• [Task to carry out] The whole listing that follows, pictures excepted, should be printed again exactly as given.

• [Data segment]
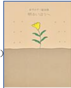
☆金子みすゞ童謡集 明るいほうへ☆ (金子みすゞ:著 矢崎節夫:選 JULA出版局)
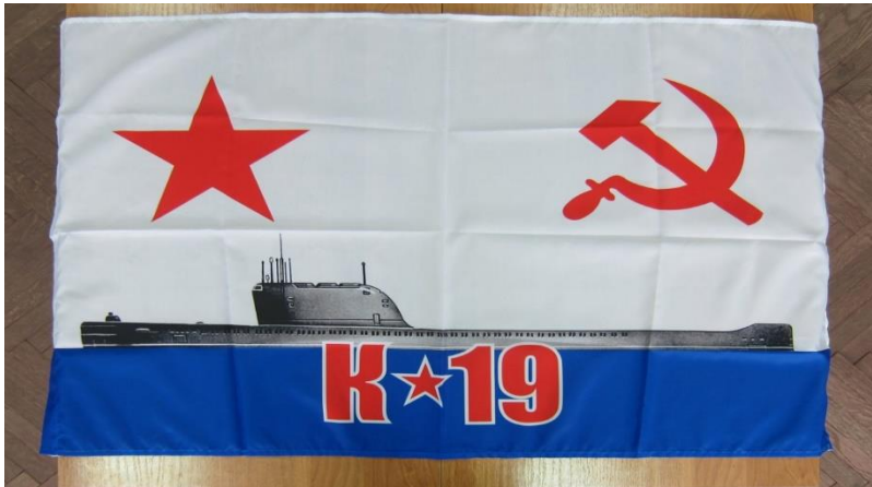
Юбилейный флаг К-19
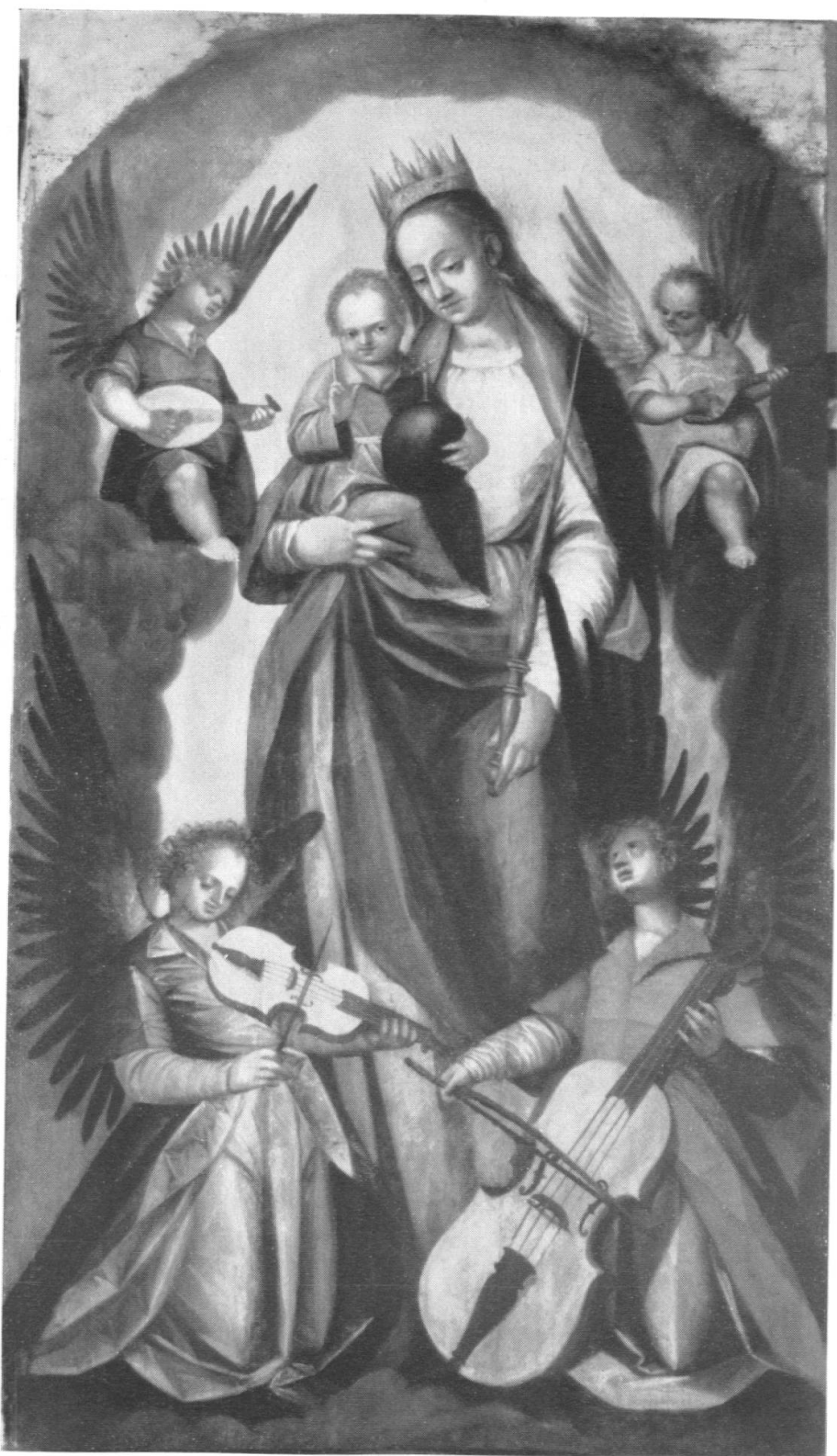
Pierre Vuilleret: La Madone aux anges musiciens, 1610, de l'un des autels de la Maigrauge.

• [Problem solution]
☆金子みすゞ童謡集 明るいほうへ☆ (金子みすゞ:著 矢崎節夫:選 JULA出版局)
Юбилейный флаг К-19
Pierre Vuilleret: La Madone aux anges musiciens, 1610, de l'un des autels de la Maigrauge.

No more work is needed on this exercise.